SPECIAL TOPIC
Prologue: Nitric oxide-hormones, metabolism, and function

Department of Physiology, New York Medical College, Valhalla, New York 10595

	ARTICLE

TOP ARTICLE REFERENCES

AS WE SET OUT TO FIND an interesting new direction as a Special Topic for papers for the AJP: Heart and Circulatory Physiology, nitric oxide (NO) was an obvious choice.
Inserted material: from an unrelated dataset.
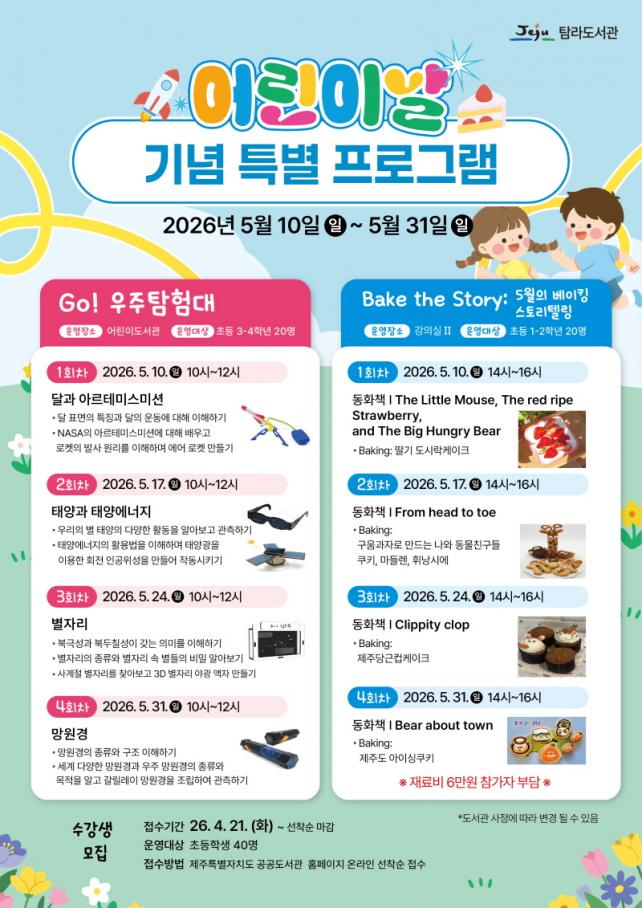 À̹ø ÇÁ·Î±×·¥Àº ¾î¸°ÀÌÀÇ Ã¢ÀǷ°ú À¶ÇÕÀû »ç°í¸¦ Ű¿ï ¼ö ÀÖµµ·Ï ¡®Go! ¿ìÁÖŽÇè´ë¡¯¿Í ¡®Bake the Story: 5¿ùÀÇ º£ÀÌÅ· ½ºÅ丮ÅÚ¸µ¡¯ 2°³ °úÁ¤À¸·Î ±¸¼ºµÆ´Ù.
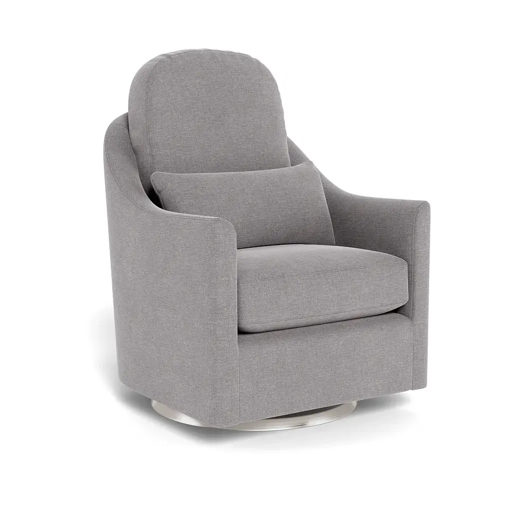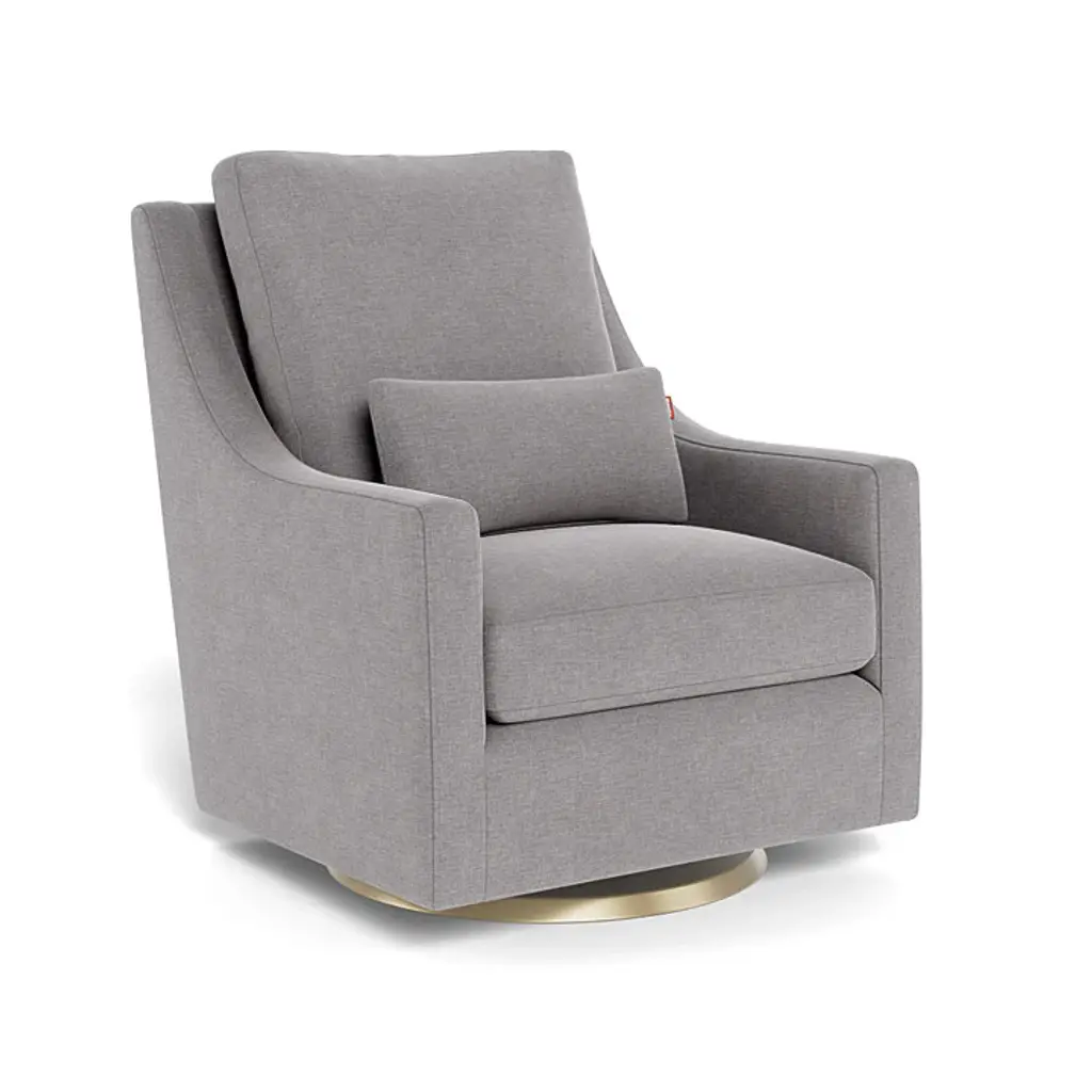 Streamlined, comfortable and well-tailored for everyday use, the Como Glider - Swivel Base from Monte offers a classic glider design without all the bulk. Masterfully crafted by hand in Canada, this glider offers a metallic base and durable fabric options to match your interior design scheme while providing you with a high-quality design built to last. Enjoy the soothing glide motion to rock your little one to sleep, and endless mobility thanks to the chic swivel base. Highlights

Since the seminal work of Furchgott and Zawadski, who first defined endothelium-derived relaxing factor (8), to defining the chemical nature of endothelium-derived relaxing factor by Ignarro and colleagues (12), Furchgott (9), and Moncada and Higgs (14), and to defining the signal transduction pathway and the role of guanylate cyclase as a mediator of vasodilation by Murad (15), literally thousands of papers have been written on these subjects. Furthermore, many review papers have appeared describing in great detail the NO-cGMP-vessel relaxation cascade. Therefore, we sought to highlight different aspects of the regulation of cardiac and vascular function by NO. To this end, a number of reports in the literature some dating back to the 1970s have suggested that NO can regulate parenchymal cell function, the action of hormones such as insulin, and even cardiac contractile function. Additionally, these actions may not be related to the stimulation of guanylate cyclase and would also be mediated by unique and novel signaling pathways. Thus the subject for this Special Topic was non-cGMP-mediated signaling by NO with focus on intracellular events, mechanical function, and involvement in cardiovascular disease.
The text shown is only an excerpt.